The Young Friar and the Emperor

by O. M. Alves

Dom Vital and Emperor Pedro II
Dom Vital and Emperor Pedro II

On September 17, 1875, 130 years ago, an unwilling monarch signed the amnesty order releasing two incarcerated bishops and putting an end to the most dramatic episode in the history of Catholicism in the largest nation of Latin America. For almost three years, what had become known as the "Religious Affair" (Questão Religiosa) had agitated the whole Empire of Brazil — at the end of the terrible ordeal, the longest-serving cabinet in Brazilian parliamentary history had fallen, the Emperor had been forced to capitulate, and the centuries-old alliance between the Church and the House of Braganza had been irretrievably severed.

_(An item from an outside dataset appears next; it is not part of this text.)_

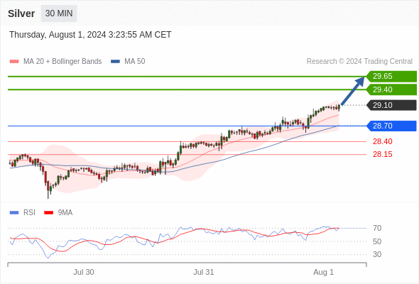 交易策略: 在 28.70 之上,看涨,目标价位为 29.40 ,然后为 29.65 。

The Religious Affair in Brazil cannot be understood without proper knowledge of its main character: Bishop Vital Maria Gonçalves de Oliveira, a Capuchin friar, known simply as Dom Vital. This native of the northeastern province of Parahyba had begun his studies for the priesthood in the diocesan seminary of Olinda, and had pursued further studies at the renowned St. Sulpice Seminary in Paris, joining the Capuchins of Versailles shortly thereafter, in 1863. He was ordained to the priesthood while a friar in the Capuchin convent of Toulouse, in 1868.

Upon his return to Brazil, he taught in the diocesan seminary of São Paulo and, after a few years, was surprisingly called upon by the imperial government to fill the vacant see of Olinda — at the age of twenty-six. Though the young friar was reluctant to accept the post, Blessed Pius IX agreed with the imperial indication and nominated him to the episcopate.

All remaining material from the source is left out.